If all of this sounds a little complicated, it is. There are entire liturgical books dedicated to determining the feasts and fasts of a given year. The Ճաշոց Գիրք/Jashots Kirk or Lectionary contains the Bible readings for every liturgical day of the year and every liturgical service on a given day, cycling through according to the periods of theological significance described above. The Jashots Kirk contains some extra-biblical readings as well as some of the rubrics, the rules and details for how to perform the daily services. Mostly, though, it is the Տօնացոյց/Donatsuyts, a “Calendar” which is the Liturgical Directory, that describes all of the variables, the parts of a liturgical service which changes depending on the day. The Donatsutys is a “master text” that provides these liturgical details no matter the year. From the Donatsuyts, it is possible to calculate these variables for a given. Each major see of the Armenian Apostolic Church—Etchmiadzin, Antileas, Jerusalem, and Istanbul—calculates out the liturgical calendar for a specific year and publishes it each year as the Օրացոյց/Oratsuyts, a Daily Directory or calendar for the given year.

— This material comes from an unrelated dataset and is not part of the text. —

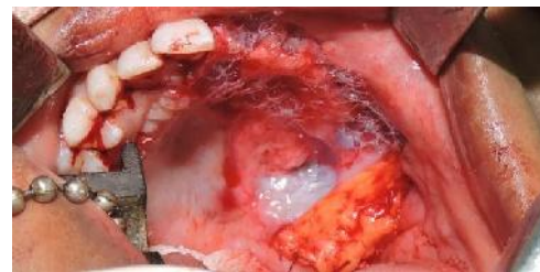
Fig 1A Palatal denuded bone covered with fibrin glue.

Our experience with Fibrin Glue in oral and maxillofacial surgical procedures was satisfactory. Fibrin Glue does not replace a good surgical technique but can be safely used in oral and maxillofacial surgery to get the best results.

In addition to these major liturgical books connected to the calendar, there are a couple other important books that move through the liturgical year, through the calendar of the Armenian Apostolic Church. One is the Շարակնոց/Sharagnots, the Hymnal of the Armenian Church which we have discussed before. Another is a remarkable book, known in Armenian as the Յայսմաւորք/Haysumavurk, literally meaning “On this day…” which is how the daily entries often begin. It is known technically as the Synaxarion and it is a set of daily readings about the lives of the saints. We will have the chance to discuss this fascinating source in more detail another time. Yet today, we can end by noting that these daily readings of the lives of the saints do not always align with the liturgical celebration of the saints, since the Haysumavurk is organized by calendar dates, not by the yearly calculations of the liturgical cycle! Our Lenten period of fasting and preparation for Easter is one piece of a dynamic theological calendar. As we move through this season, we have the opportunity to see the theological significance of the readings and hymns that move us through the liturgical year.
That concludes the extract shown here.